Monday, October 13, 2008

Q&A: Investing your 401(k) in tough times

Jessica writes:

Hi Amanda!
I have a question for you:
I currently send 6% of my salary to my 401k and my company matches 4%. During these horrible economic times would it be better to just take my portion back down to 4% and take that 2% and just put it in my ING savings account? I don't want to hurt the economy by panicking but I also want to do what is smart. You're smart, so what do you think?
Thanks,
Jessica
Oh Jessica!


I'm so so glad you asked me this because I think you're reaction is a normal one and it gives me the chance to talk about one of my other favorite investing principles: DOLLAR COST AVERAGING.

When you invest in a 401(k) through your employer, what you're doing is buying your investments in monthly or twice-weekly installments. When you purchase investments in installments, it's actually somewhat good for you when the market goes down because that means you get to buy MORE of your investment for the same dollar price. It's like getting a discount. And when the market goes up? Well that's cake.

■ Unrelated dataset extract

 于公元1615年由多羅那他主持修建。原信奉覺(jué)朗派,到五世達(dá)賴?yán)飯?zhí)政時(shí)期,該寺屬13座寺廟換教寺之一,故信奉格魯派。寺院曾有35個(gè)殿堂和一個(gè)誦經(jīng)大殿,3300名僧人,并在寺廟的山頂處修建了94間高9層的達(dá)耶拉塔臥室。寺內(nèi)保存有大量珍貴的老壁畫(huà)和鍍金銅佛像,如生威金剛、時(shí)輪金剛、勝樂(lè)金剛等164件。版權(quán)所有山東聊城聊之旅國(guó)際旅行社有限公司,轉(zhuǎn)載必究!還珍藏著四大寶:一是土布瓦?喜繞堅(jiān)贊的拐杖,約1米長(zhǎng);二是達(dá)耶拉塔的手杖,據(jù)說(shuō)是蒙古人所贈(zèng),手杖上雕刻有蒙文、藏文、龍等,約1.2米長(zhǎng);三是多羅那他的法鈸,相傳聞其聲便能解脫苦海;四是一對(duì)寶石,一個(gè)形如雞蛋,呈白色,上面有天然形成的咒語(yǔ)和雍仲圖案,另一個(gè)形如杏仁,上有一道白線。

My advice to you, if anything, is to INCREASE the percentage of money you send to your 401(k) right now. Cash (like the ING account) is the last thing you want to BUYING with your 401(k) dollars when basically the entire stock market is at a historically low price. It's like the world's biggest sale is going on right now and everything is 40% OFF. It's a GREAT TIME to invest if you can handle the short term risk.

Of course I'm making some assumptions about your situation. I'm assuming that you're my age(ish) (I'm 32) and that you plan to work a good long time before you retire, like 20 years or more and that your money has time to weather the current storm.

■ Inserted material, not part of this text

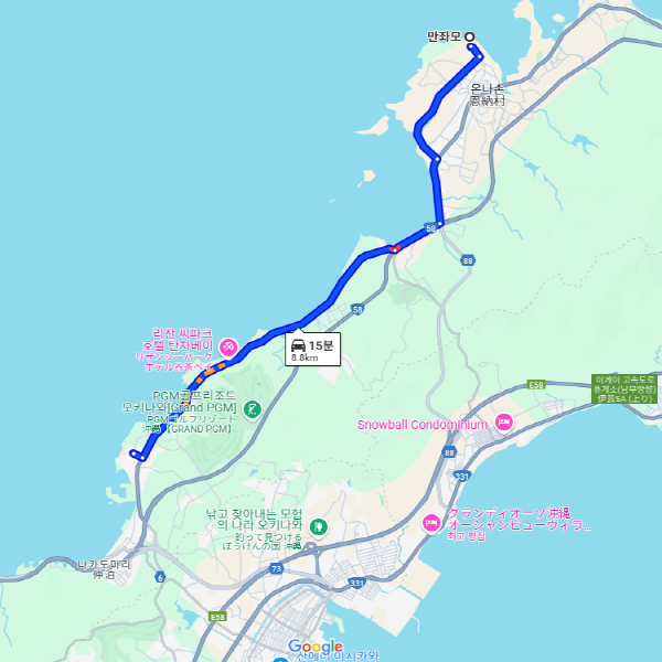 나하 공항에서 차로 약 55분 소요  만좌모에서 차로 약 15분 소요

However, if you tend to be more risk-averse and couldn't sleep at night knowing you were investing in the stock market, it might be time for you to increase your allocation bonds (which I'm assuming you already have in your 401(k)).

Good luck!

6 comments:

jessica fantastica said...

Your assumptions are right. I'm 29 so I definitely have some wiggle room. Thank you so much for answering! I would've never thought of it that way.

LizP said...

I found your blog from CitiMama's link today. :-)

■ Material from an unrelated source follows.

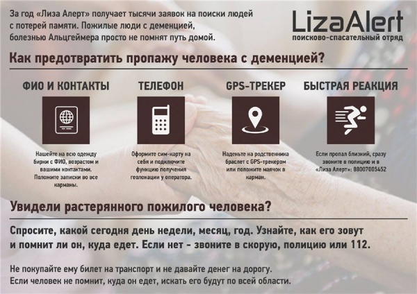 «История закончилась хорошо только благодаря неравнодушию сотрудников автобазы „Турист“, за что от лица отряда выражаем им горячую благодарность. Обращайте внимание на пожилых людей, чье поведение кажется вам странным, задайте им несколько простых вопросов — как их зовут, сколько им лет, где они живут, какой сейчас год, день и месяц. 2 минуты потраченного времени могут стоить кому-то жизни», — отметили представители поискового отряда.

I loved your answer to Jessica! I think it's so important that we don't panic (much) with our financial decisions right now. Suze Ormond was on Oprah a couple of weeks ago and she advised everyone to not take their eyes off their long-term goals.

I'm also a Sili-Valley transplant and we're nearly neighbors ... I'm in Eugene, OR.

Mandajuice said...

Welcome, Liz! Isn't it great to live here instead! We need to keep working on Stefania to get her back up here!

LizP said...

My favourite thing about living up here is a 15 minute commute as compared to the 90 minute commute I had living in the bay area. Oh, and milk is $5 for 2 gallons, rather than $7!

Kady said...

Hi, I found you via Citymama as well. I just wrote a post on this yesterday at my blog. I'm going the other direction, reducing my contributions, because I want to make sure I get my emergency fund fully funded w/in the next six months. Both my husband and I are facing situations where we may not have jobs w/in the next year, so for us, to lock so much money away just wouldn't work. We are still putting in 3% (for me) and 5% (for him) though.

www.wonkess.com

Poppy said...

I've always heard that if your employer matches your contribution, you should only go up to what they match (say 6% for example). Then take the rest of the money you would've been contributing to your 401k and put it into a Roth IRA. You have to use after tax dollars, but the money isn't taxed when you take it out at retirement.